Joeris Alexander, Hurtado-Chong Anahí, Blauth Michael, Goldhahn Joerg, Bodmer Nicolas S, Bachmann Lucas M
AO Clinical Investigation and Documentation, Dübendorf, Switzerland.
Department of Trauma Surgery, Medical University of Innsbruck, Innsbruck, Austria.
Geriatr Orthop Surg Rehabil. 2017 Jun;8(2):94-98. doi: 10.1177/2151458516687811. Epub 2017 Jan 1.
Early identification of people at risk for a contralateral hip fracture would be desirable to favorably influence patients' prognosis. A recent systematic review failed to depict stringent patterns of risk parameters to be used for decision-making in clinical practice.

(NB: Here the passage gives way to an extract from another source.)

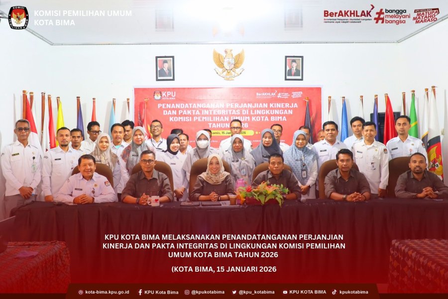 #TemanPemilih, Komisi Pemilihan Umum (KPU) Kota Bima melaksanakan kegiatan Penandatanganan Perjanjian Kinerja dan Pakta Integritas di Lingkungan KPU Kota Bima Tahun 2026 pada Kamis, 15 Januari 2026, bertempat di Aula Matupa, Mataho Ro Maraso KPU Kota Bima. Kegiatan ini diikuti oleh seluruh jajaran pimpinan dan staf sekretariat KPU Kota Bima sebagai bentuk komitmen bersama dalam memperkuat tata kelola kelembagaan yang profesional, transparan, dan berlandaskan nilai integritas.

To perform a consensus study using the Delphi method to reach an expert consensus on predictive parameters for the occurrence of a fall and a contralateral hip fracture 1 and 3 years after hip fracture.
A list of potential members of the expert panel was identified based on the authors' list of a recently conducted systematic review. Participating experts were asked to name parameters determining the probability for a fall and a contralateral hip fracture 1 and 3 years after an occurred hip fracture, separately. Additionally, we asked how those stated parameters should be measured. All mentioned parameters were compiled and sent back to the experts asking them to weight each single parameter by assigning a number between 1 (not important) and 10 (very important). The survey was conducted online using the REDCap software package. We defined expert agreement if the interquartile range of attributed weights for a parameter was ≤2. A relevant parameter had at least a median weight of 8.
Twelve experts from 7 countries completed the survey. Presence of fall history and mental and general health status were considered relevant irrespective of the outcome. For falling within 1 and 3 years, the number of medications and residential status were considered relevant, while for fractures within 1 and 3 years, osteoporosis management was considered important.
Using the insights gained in this consensus study, empiric studies need to be set up assessing the prognostic value of the selected parameters.
早期识别对侧髋部骨折风险人群,有利于改善患者预后。最近的一项系统评价未能描述出可用于临床决策的严格风险参数模式。
采用德尔菲法进行一项共识研究,就髋部骨折后1年和3年发生跌倒及对侧髋部骨折的预测参数达成专家共识。
根据作者最近进行的一项系统评价的列表,确定专家小组潜在成员名单。要求参与的专家分别列出决定髋部骨折后1年和3年发生跌倒及对侧髋部骨折概率的参数。此外,我们询问了应如何测量这些所述参数。汇总所有提及的参数并反馈给专家,要求他们通过在1(不重要)至10(非常重要)之间分配一个数字来对每个参数进行加权。使用REDCap软件包在线进行调查。如果一个参数的加权四分位间距≤2,我们定义为专家达成共识。一个相关参数的中位数权重至少为8。
来自7个国家的12名专家完成了调查。无论结果如何,跌倒史以及精神和总体健康状况均被认为是相关的。对于1年内和3年内的跌倒,药物数量和居住状况被认为是相关的,而对于1年内和3年内的骨折,骨质疏松症管理被认为很重要。
利用本共识研究中获得的见解,需要开展实证研究来评估所选参数的预后价值。